Thursday, May 17, 2018

Christian Zionism this week in Jerusalem

This report from The Real News features Max Blumenthal and Dan Cohen talk about Christian Zionism and Israel with particular reference to the US delegation to the opening of the US Embassy in Jerusalem this week. Trump’s Jerusalem Move Caters to Religious Extremists 05/16/2018



Max Blumenthal has taken some criticism for his position on "Russiagate" lately. I mention that only to say that some of the criticism I've seen seems aimed at wholly discrediting him as a reporter and analyst, a goal I certainly don't share. His commentary here on Christian Zionism is well-informed. His book Republican Gomorrah (2009) is a well-researched and insightful look at the Christian Right in the US.

In that book, he wrote about John Hagee, one of the two pastors Trump sent to Jerusalem for the Embassy opening:
Hagee is a Christian Zionist who preaches that the prophecies of the Book of Revelation will unfold as soon as the Jewish diaspora resettles in “Biblical Israel,” meaning all of Israel and the West Bank. A natural ally of Israel’s rightist Likud Party and the messianic Jewish settlers colonizing the West Bank, Hagee leveraged his millions to unite dozens of conservative mega-church congregations and some of the Christian Right’s most prominent figures— including the Reverend Jerry Falwell, Gary Bauer, and Rod Parsley, a Pentecostal preacher with considerable sway in his home state of Ohio— under the banner of Christians United for Israel (CUFI), the largest nationwide evangelical political organization dedicated to supporting Israel, or at least its most right-wing elements. Hagee said he would like to see CUFI become “the Christian version of AIPAC,” referring to the vaunted pro-Israel group rated second only to the National Rifle Association as the most effective lobby in Washington. The preacher tapped Republican Senator Arlen Specter’s former chief of staff, David Brog, as his Capitol Hill lobbyist and then proceeded to make inroads in influence.

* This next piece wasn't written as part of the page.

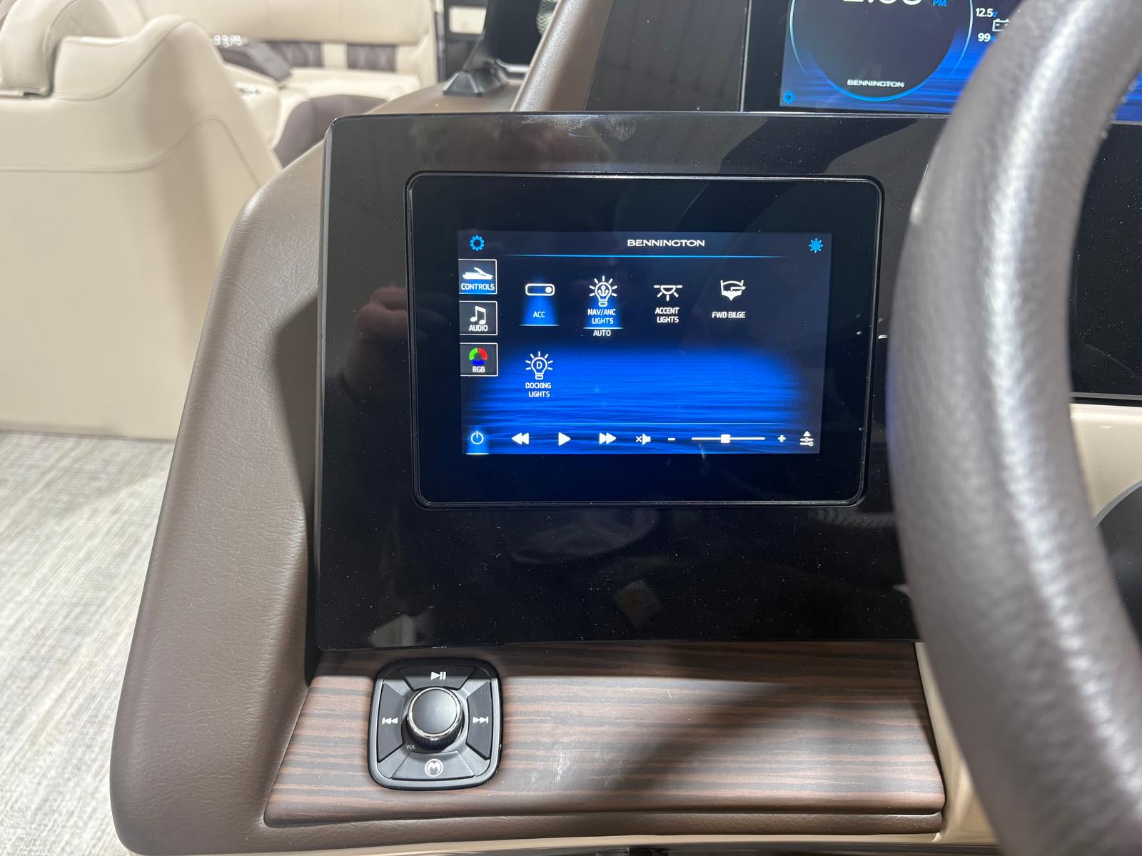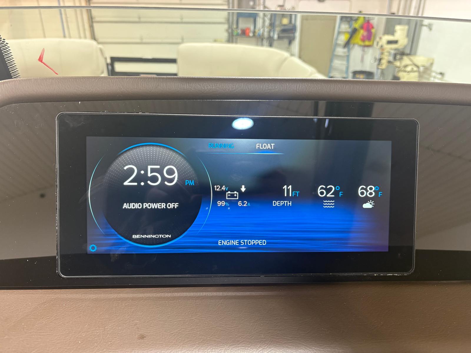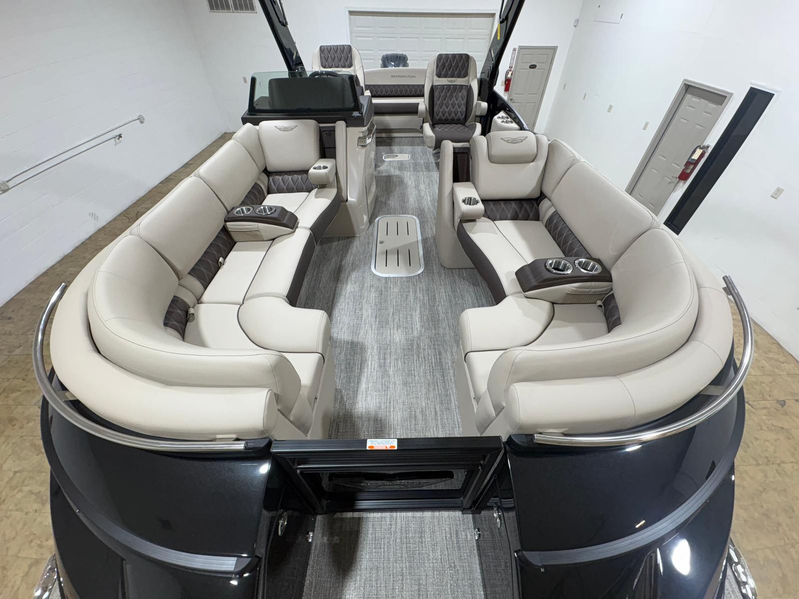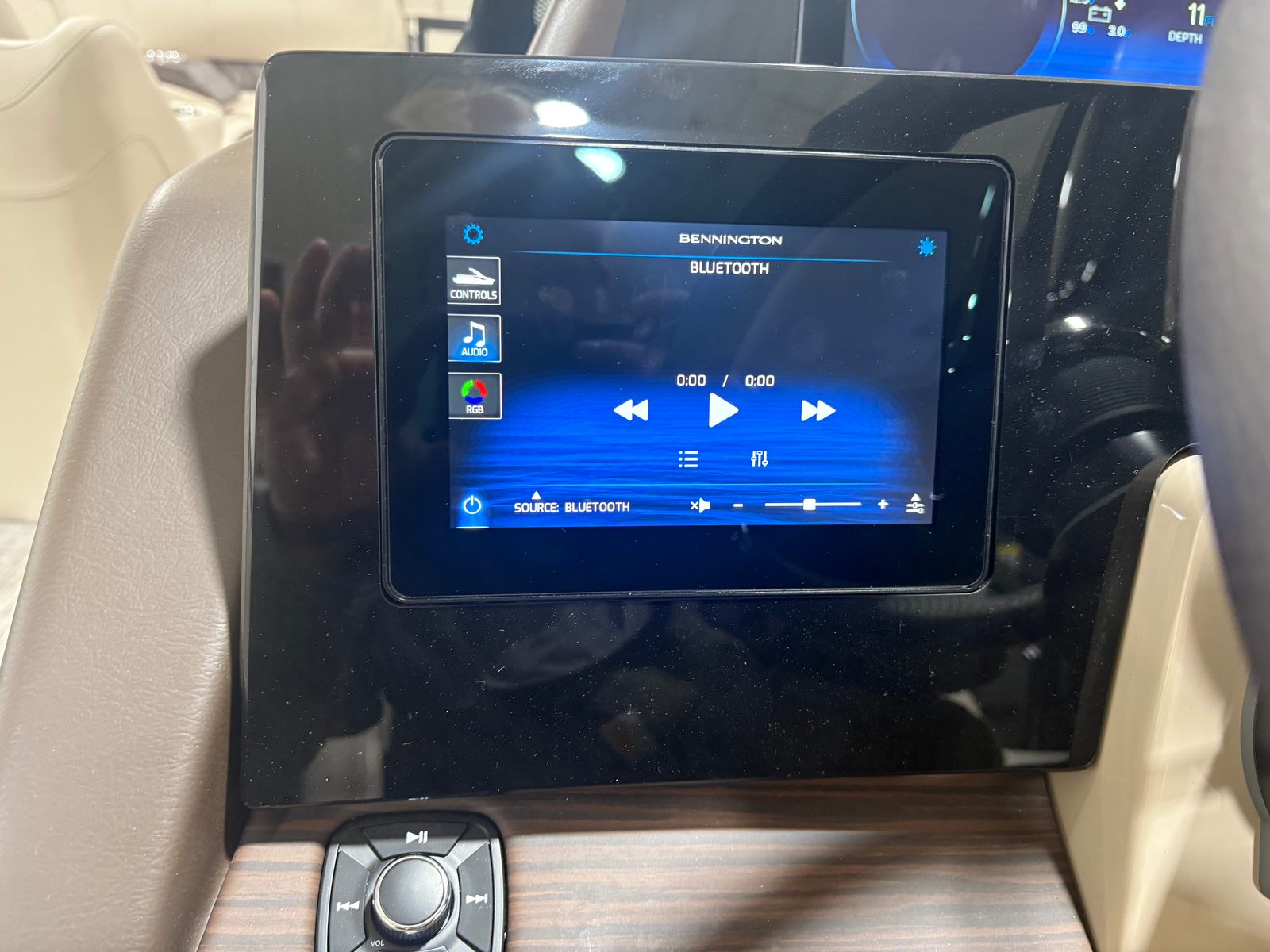 Step aboard and immerse yourself in a world of comfort and entertainment. The Bennington 25 Qsba ESP is equipped with a host of special features that set it apart from other pontoon boats for sale. Enjoy the ambiance created by illuminated cupholders (six in total), underwater lighting, and strategically placed toekick lights in varying lengths (1-41", 1-62", and 2-72"). These lighting elements not only enhance the boat’s aesthetic appeal but also provide practical illumination for evening cruises and social gatherings.The interior is a showcase of luxury, featuring Zebrawood Matte Beige accents and base pillowtop diamond-stitched upholstery (Q) for superior comfort and style. The interior accent in perforated espresso adds a touch of sophistication, creating an inviting atmosphere for passengers. Blackout logos give the boat a modern, sleek look that complements its overall design.For music lovers, the Bennington 25 Qsba ESP boasts a premium audio system with Rockford Fosgate 6.5" M2 speakers (six on the boat and two on the arch), a powerful 10" M2 subwoofer, and a PM Punch amplifier upgrade. Whether you’re hosting a party or enjoying a quiet sunset cruise, the sound quality ensures every moment on board is accompanied by your favorite tunes in crystal-clear detail.

Despite his pretensions to philosemitism, Hagee’s interest in Israel was motivated exclusively by his belief in End Times theology, a doctrine that celebrates natural disaster, war, and global pandemics as harbingers of Christ’s imminent return. According to Hagee’s reading of the Book of Revelation, the lodestar of End Times theology, when Jesus returns to Jerusalem, the Jews must convert to evangelical Christianity or suffer eternal torment in “an everlasting lake of fire.” And liberals had better seek cover as well. “As soon as Jesus sits on his throne he’s gonna rule the world with a rod of iron,” the portly Hagee boomed in a December 2007 jeremiad. “That means he’s gonna make the ACLU do what he wants them to. That means you’re not gonna have to ask if you can pray in public school. We will live by the law of God and no other law.”